Page 1 of 1

Lookup file set best place to use it

Posted: Tue Apr 13, 2010 4:10 am
by myukassign
In one of Rays post I saw Dataset is the best stage to use if I want to store data for a reference link and the data volume is huge.

Then practically this lookup file set is designed to use at which place. Can anyone give me a scenario where this stage do the best fit.

I am in to designing these days and sorry for asking this question as this stage leave me in a confused state.

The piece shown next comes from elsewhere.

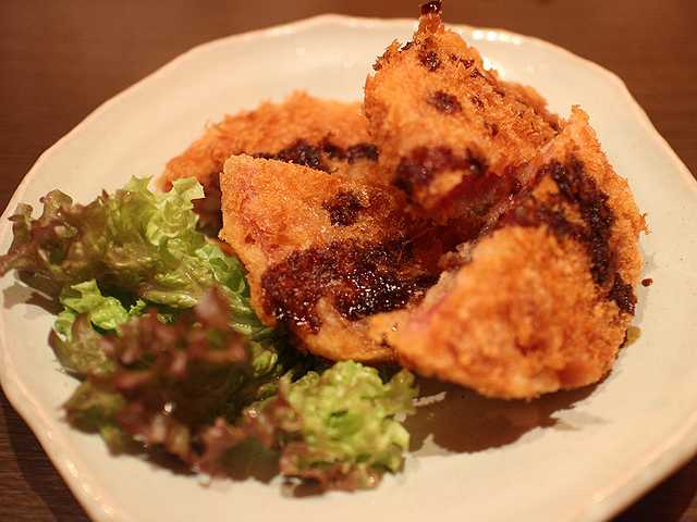 「厚切り ハムカツ(680円)」もサクサク、いい塩梅で揚げられていました・

Re: Lookup file set best place to use it

Posted: Tue Apr 13, 2010 4:14 am
by madhukar
Lookup fileset to be used, if reference data fits into memory and used in multiple jobs

Posted: Tue Apr 13, 2010 4:43 am
by srinivas.g
Spare lookup better to use lookup file set

Posted: Tue Apr 13, 2010 4:45 am
by srinivas.g
Spare lookup better to use lookup file set

Posted: Tue Apr 13, 2010 5:22 am
by ray.wurlod
I think you must have misinterpreted what I said.

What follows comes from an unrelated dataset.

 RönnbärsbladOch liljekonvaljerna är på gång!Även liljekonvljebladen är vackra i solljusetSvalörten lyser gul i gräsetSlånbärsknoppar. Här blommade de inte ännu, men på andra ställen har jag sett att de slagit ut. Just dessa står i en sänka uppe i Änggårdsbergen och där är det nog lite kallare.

The only place you can use a Lookup File Set is to service the reference input to a Lookup stage. The benefit you get is that the index on the lookup key is pre-built - it does not have to be build "on the fly" by the LUT_CreateOp operator.

And, yes, the total volume of reference data must still fit into memory.

Data Sets are really more about staging data between parallel jobs, rather than servicing lookups. However, it would be an interesting exercise to determine whether the cost of the import operator associated with a Lookup File Set would be greater or less than the cost of the LUT_CreateOp operator building the index if a Data Set were used.

Posted: Wed Apr 14, 2010 11:53 pm
by myukassign
In my experience.. lookup fileset did a better job than the dataset....

I stand for Lookup file set than DS.

Thanks for your reply. I m closing this thread.